Highlights & Insights

  • The experimental design is particularly elegant: Romanization changes surface form while preserving content; word-order shuffling changes structure while preserving surface form. These two orthogonal conditions cleanly disentangle the contributions of orthography and linguistic structure.
  • The concept of "capacity fragmentation" has far-reaching implications—models allocate independent internal features to different script variants of the same language, wasting representational capacity. This has direct implications for efficiency optimization in multilingual models.
  • Distinguishing probeability from functional necessity is an important methodological contribution.
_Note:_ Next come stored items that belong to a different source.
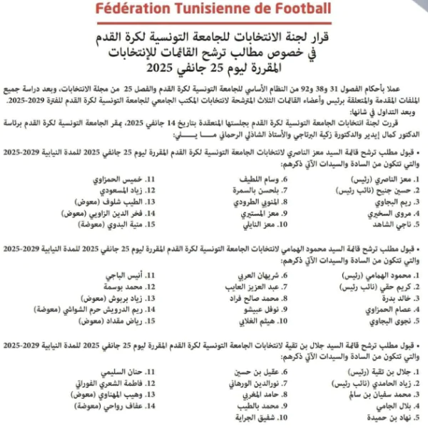 رياضة: اعلنت هيئة التسوية بالجامعة التونسية لكرة القدم قبول القائمات الثلاثة المترشحة لإنتخابات الجامعة التونسية لكرة والمبرمجة بتاريخ 25 جانفي 2025 قراءة المزيد اعلنت هيئة التسوية بالجامعة التونسية لكرة القدم قبول القائمات الثلاثة المترشحة لإنتخابات الجامعة التونسية لكرة والمبرمجة بتاريخ 25 جانفي 2025 وجاء هذا في بلاغ صادر اليوم الثلاثاء 14 جانفي 2025 عن الجامعة التونسية لكرة القدم بصفحتها الرسمية على الفايسبوك اتفاقية استشهار لجامعة القدم مع MG Motorsجلسة عمل بجامعة كرة القدم لتطوير العلاقة بين الحكام والجمعياتالموافقة على نشر تسجيلات 'الفار' للعمومالمزيد من الأخبار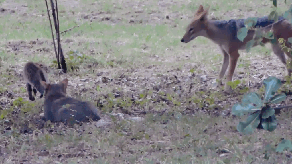 The adult wildcat seemed largely unbothered by the intrusion the entire time, although it would surely have reacted quickly and decisively if it needed to. The kitten, however, found the presence of the jackal absolutely unacceptable, and it made its views known.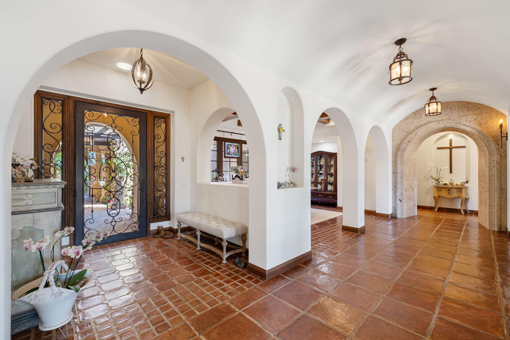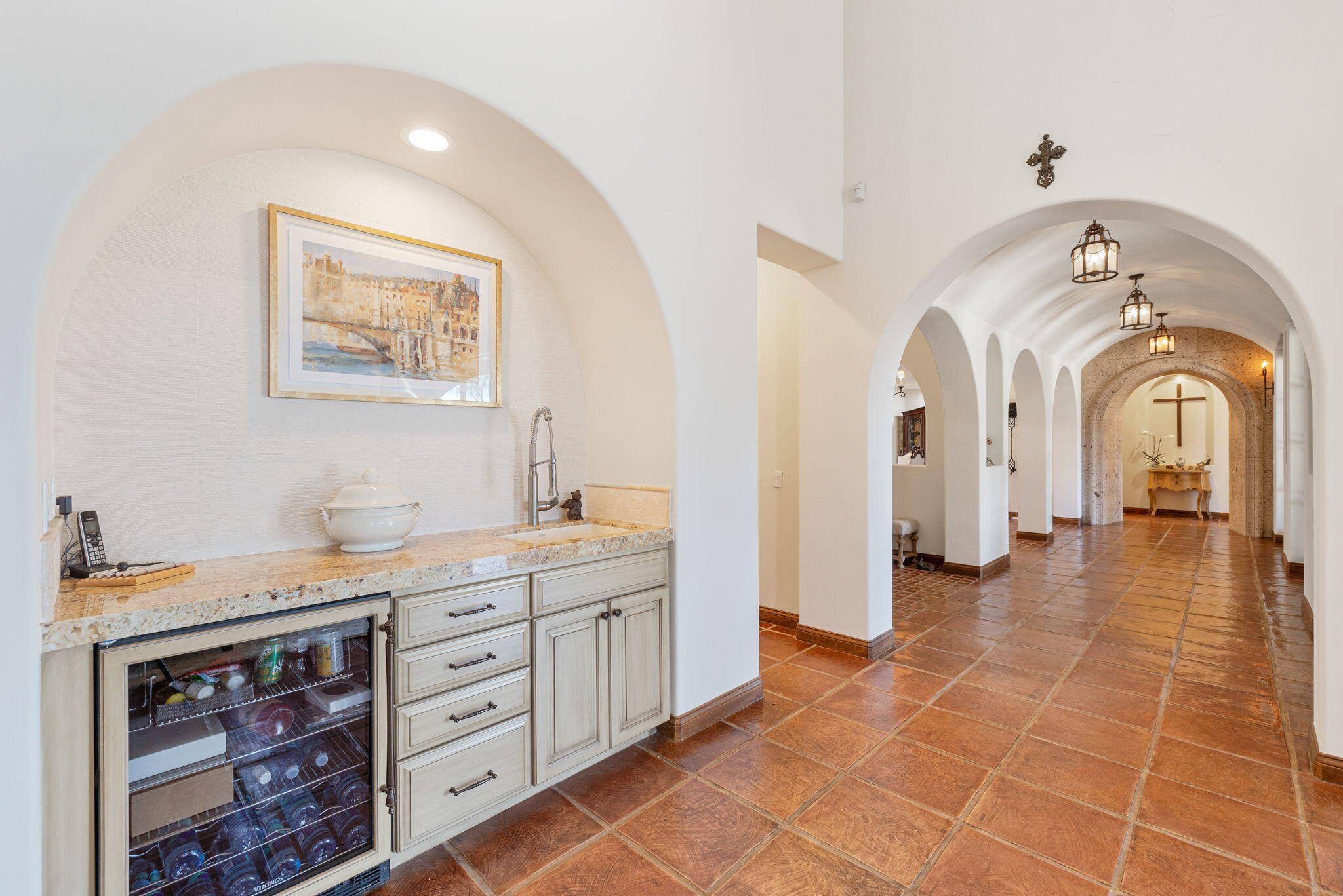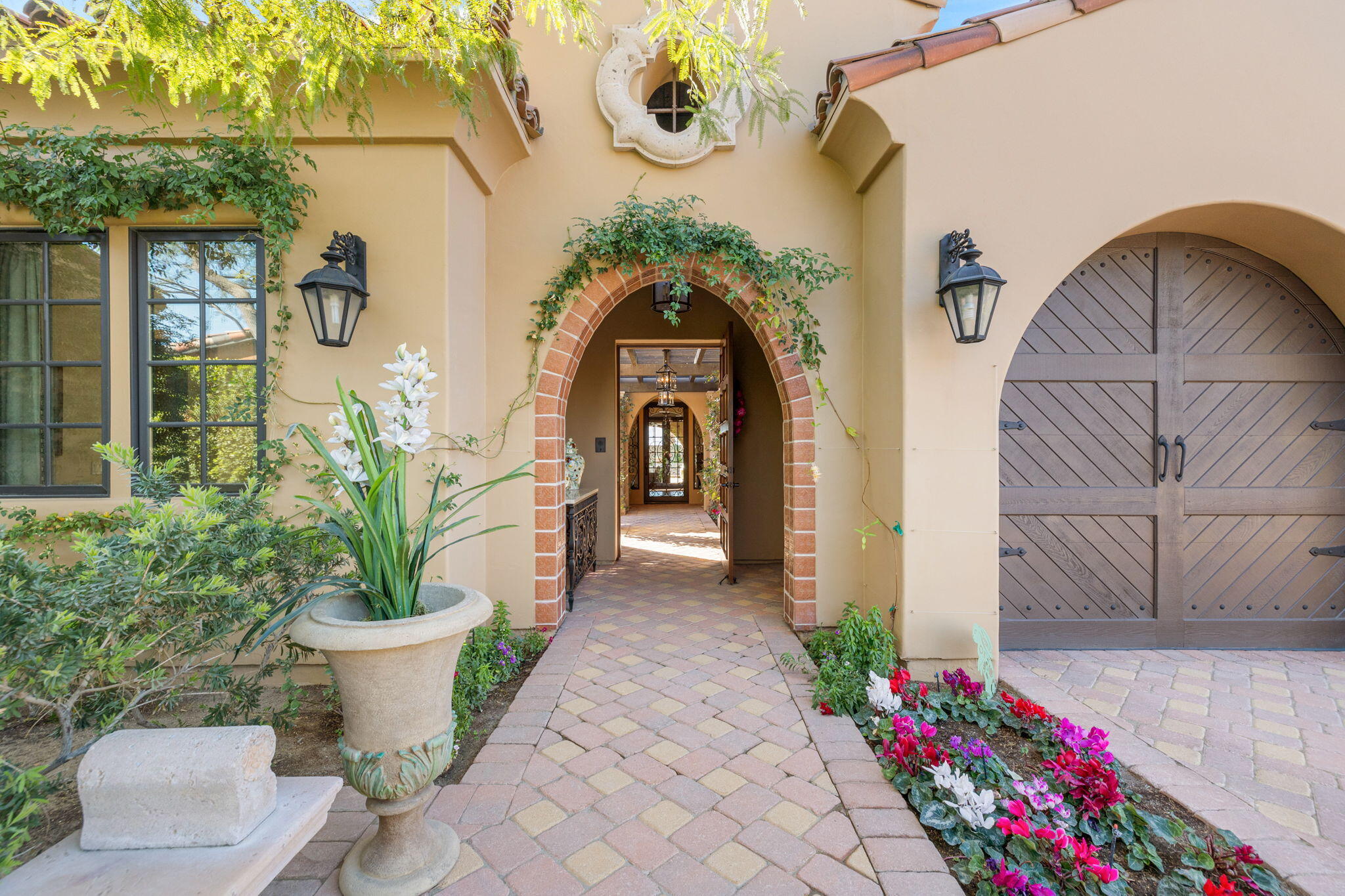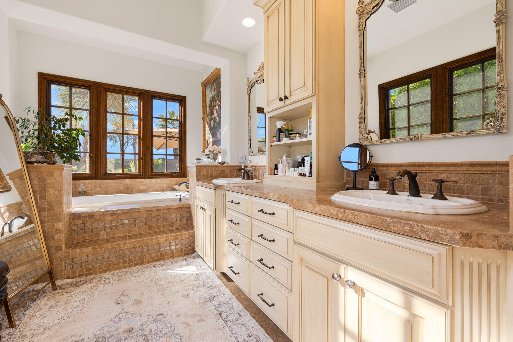 SIGNIFICANT PRICE IMPROVEMENT! Located in the highly desirable city of Rancho Mirage. This home is ready for it's new home owners and it could be you. This Tuscan inspired estate exudes Old World Charm and elegance behind the gates of ESCALA. There are five bedrooms,,that could have mulitiple uses, flex space i.e., office, zen room, art studio, you make it yours. Four bedrooms have ensuites. This residence is a masterpiece of craftsmanship and timeless design. From the moment you arrive you are welcomed by beautifully landscaped entry and your worries could melt away. Walk through the front couryard which features a tiered water fountain that sets the tone for the tranquil ambiance that flows throughout the property. Lush gardens bloom year-round, offering a vibrant display of color and fragrance in every season. Once you step inside you're greeted by soaring ceilings and unparalled mountain views. An expansive floor to ceiling Cantera stone fireplace anchors the great room creating a warm and inviting atmosphere. The formal dining room allows for elegant gatherings. Three sets of French doors open to the covered back patio with fireplace overlooking the saltwater, pebbletech pool and spa and manicured gardens. The heart of the home is the gourmet kitchen, a chef's dream, equipped with a VIKING 6 burner and griddle range with two ovens. In addition two VIKING wall ovens, micro-wave and Sub Zero tower refridgerator and freezer, all Stainless Steel. The design is perfect for culinary creations and enteraining guests. The upgrades continue with custom cabinetry, solid granite counter tops and oversized center island with built in beverage refridgeration drawers, and elegant limestone backsplace. The additional wet bar adjacent to the great room continues the entertainers dream layout. The outdoor oasis is equally impressive with breathtaking mountain views. The home features a resort-style pool and spa, four dramatic water features, providing a traInterested in this Listing?

Much interpretability work stops at probing; this paper goes further by validating findings through causal intervention.

Limitations & Future Work

  • The analysis focuses on MLP sublayers and does not cover language-associated patterns in attention heads.
  • Romanization relies on the ICU Transliterator; transcription quality for certain languages may affect conclusions.
  • Only four model families are analyzed; generalizability to other architectures (e.g., Mistral, Qwen) is unknown.
  • The paper does not explore how findings could be leveraged to improve multilingual models—for example, by explicitly aligning representations to reduce capacity fragmentation.
  • vs. Tang et al. (2024): Tang et al. identified language-associated neurons but did not analyze their encoded content. This paper extends from identification to interpretation, revealing the dominant role of orthography.
  • vs. Wendler et al. (2024): Work supporting the interlingua hypothesis emphasizes the achievability of semantic alignment. This paper shows that even if semantic alignment is achievable, the representation space remains deeply fragmented along script boundaries.
  • vs. Andrylie et al. (2025): That work extends LAPE analysis to the SAE level but without controlled experiments. This paper provides causal-level evidence through Romanization and shuffling experiments.

Rating

  • Novelty: ⭐⭐⭐⭐⭐ First systematic investigation into what language-associated units encode, with elegant experimental design.
  • Experimental Thoroughness: ⭐⭐⭐⭐⭐ 4 models × multiple languages × probing + intervention + controlled comparisons; highly comprehensive.
  • Writing Quality: ⭐⭐⭐⭐⭐ Research questions are clearly stated, reasoning is tightly structured, and conclusions are well-supported.
  • Value: ⭐⭐⭐⭐ Important implications for multilingual model design and interpretability research.